The Alert is compared to the conditions defined within an Alarm.
Matching Alarms will send the details to any selected Channel.
The Channel will then push the information through the configured notification integrations. (e.g. email, PagerDuty, OpsGenie, Slack or Teams)
As part of the release deployment, Trustgrid will convert all existing Filters to Alarms and Channels automatically. No action is required to maintain the current behavior.
The new system introduces the idea of alerts being resolved. While an alert is in the unresolved state any repeat of that event will not generate a new alert. This should reduce the noise of repetitive alerts.
There are three ways to resolve alerts:
Manually in the portal.
This can be done for all Alerts across the organization via the Alarms > Events page.
Or, to resolve alerts for a specific node you can click the Info panel at the top right.
Alerts will resolve themselves after 24 hours
Alerts may resolve if a corresponding event indicates the status has changed. An example would be the node connectivity events.
When a node disconnects it would generate an alarm. If you have a system such as PagerDuty configured this would create an incident within that system.
When the node reconnects the alarm would be resolved within the Trustgrid system. In the PagerDuty system the incident would automatically be resolved.
The Alarm configuration is very similar to the previous Filter configuration but has been enhanced to allow for greater flexibility.

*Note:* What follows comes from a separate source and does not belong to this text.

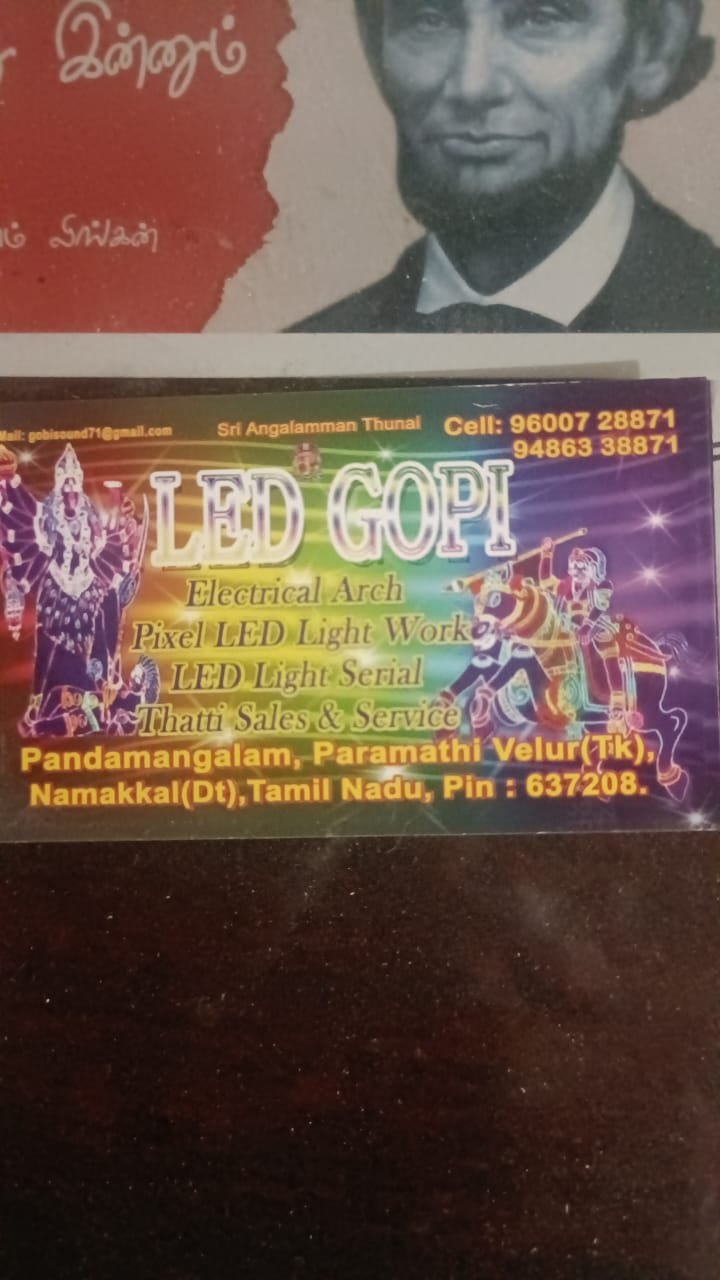 Welcome to LED Gopi, your trusted partner in Namakkal for LED lighting solutions and event services. We specialize in providing Electric Arches, Pixel LED Light Works, LED Light Serials, and Thatti setups for a wide range of occasions.
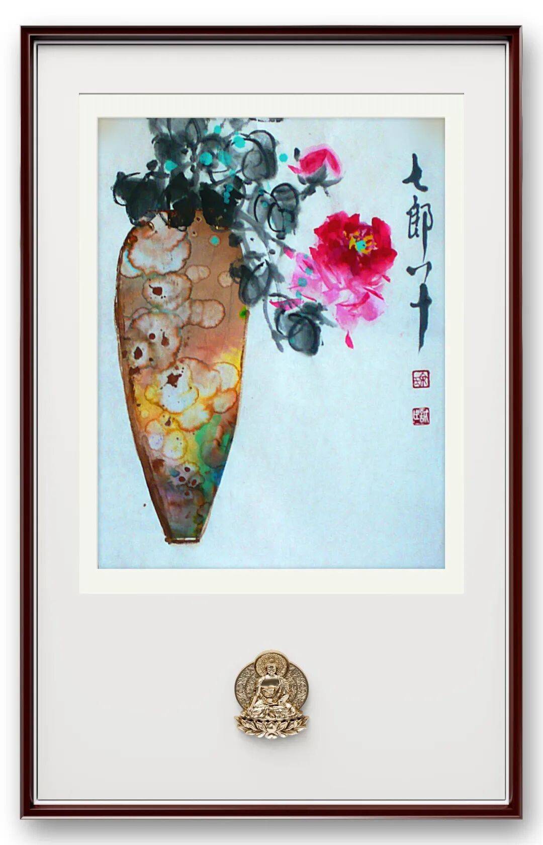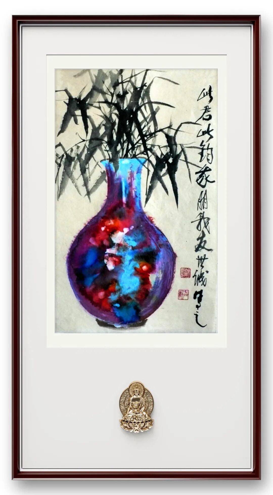 一是看丹青色彩。钧瓷的釉色乃钧瓷之魂。余教授探索钧瓷画的主攻方向也在于此。他大胆选用和调制了特殊的颜料,对宣纸亦作了特殊处理,以重彩大写意的手法进行挥洒,如同钧釉在烈火中窑变那样,使各色颜料在水墨中自然渗合,相机成画。色彩厚重,艳而不妖,且具流动感。从他的作品中,我们惊喜地看到火的艺术在宣纸上又升华为水的艺术,真是妙不可言。

You can now select multiple Nodes, Event Types or Tag matches. Previously you’d have to create a filter for each.
You can choose if the All, Any or None of the criteria should match to trigger the alarm. Previously all criteria had to be true for a match to occur.
The notification integration has been moved to channels
Also, the “Extra Info to send with alert” section has been renamed Description but the contents are still included in the Alert details sent to any integration.
In the old system, you had to define the notification integrations information (email addresses, API keys, and Webhooks) for each filter you defined. If one of these changed you had to update each filter manually.
Channels separate the integration information from the Alarm configuration. Within a channel, you define one or more notification integrations. Then from the Alarm, you can select one or more channels.
Testing Alarms & Channels
After you’ve configured your Alarms and Channels you can test them to confirm they behave as expected.
Navigate to Alarms > Events
Find an Event that matches your Alarm filter (or that you think it did)
Click the Test button to the right of the event
A brand new feature is the ability to configure suppression windows that will stop any Alarms from triggering. This should enable performing maintenance without generating extraneous notifications to your integrated systems.
Finally, we’ve added the ability to test the WAN connection of a node. This will test the bandwidth between the Node and the Trustgrid control plane.
To run the tool:
Navigate to the desired Node’s page
Select the Network > Interfaces
Under “Interface Tools” click the Speed Test button
Click the GO button to start the test. It will test both upload and download speeds.
After it completes it will display the average results.